Sunday, February 4, 2007

for 5931 folks: statements of teaching philosophies

For our February 15 meeting, we're asking you to post -- on your blog -- rhetorical analyses of the teaching philosophies of others. We're asking you to do this for two reasons: thinking more on rhetorical analyses for your teaching of them and thinking toward your own teaching philosophies.

Below are links to advice given by various teaching centers from various universities about what statements of teaching philosophy are supposed to do and how teachers are supposed to achieve all that. Such statements have multiple purposes (which makes them good for rhetorical analyses): they are a form of reflection for teachers, to help them clarify why they do what they do in classes; they can be public documents sent to hiring committees as part of a job application.

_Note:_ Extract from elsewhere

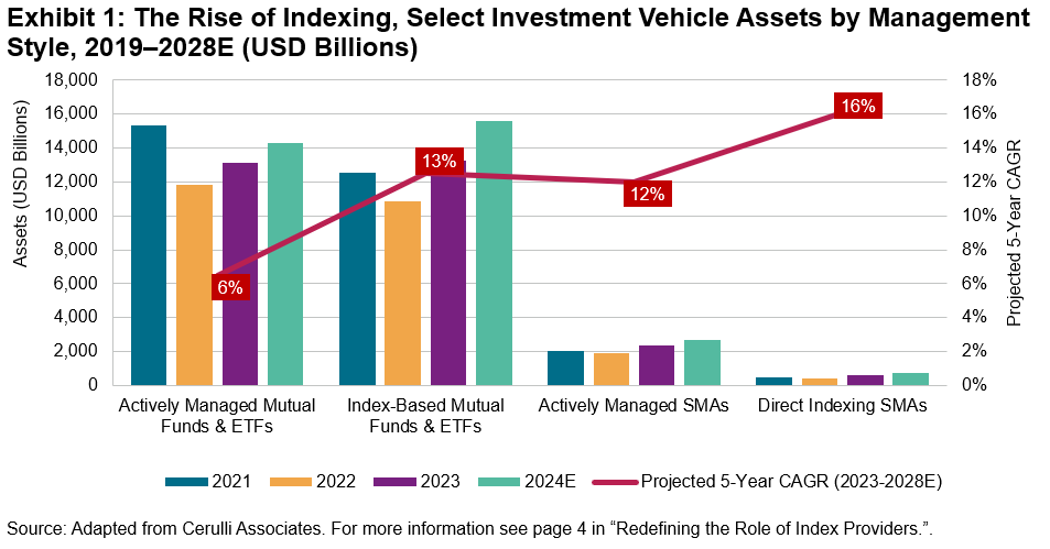 As the landscape of index-based products becomes increasingly crowded, the recent findings from Cerulli Associates highlight that asset and wealth managers should thoughtfully consider how to leverage index providers’ solutions to stand out from the crowd.5 Strategies include going beyond traditional index data to drive product development and leveraging brand and content for product marketing and distribution. Embracing these strategies can not only differentiate firms but may also position them for success in the evolving retail wealth management market.

Below are also links to samples of statements, some from rhet-comp and some from other fields.


So: WHAT TO DO
Read through the guidelines, and draw up for yourself an understanding of the purposes, contexts, and audiences for statements of teaching philosophy. Use your sense of purposes, contexts, and audiences to post on your blog a comparative analysis of two statements. You can analyze two statements from rhet-comp, or one from rhet-comp and one from another discipline. (Lots of samples from other disciplines are linked from the general guidelines pages.)

GENERAL GUIDELINES ON WHAT STATEMENTS OF TEACHING PHILOSOPHY ARE AND DO
from Ohio State, with linked samples lower down on the page
from The Chronicle of Higher Education
from Iowa State
from the University of Michigan, with lots of links to example from other disciplines
some comments by MetaSpencer on Statements of Teaching Philosophy

STATEMENTS OF TEACHING PHILOSOPHY examples from RHETORIC AND COMPOSITION
John Walter
Judith Van
Laura Nutten
Susan Miller-Cochran
Mine

PS -- Know that I put all this together while Dennis watched a Richard Prior DVD in the background, as, um, research for a section in a class on rhetorics of humor.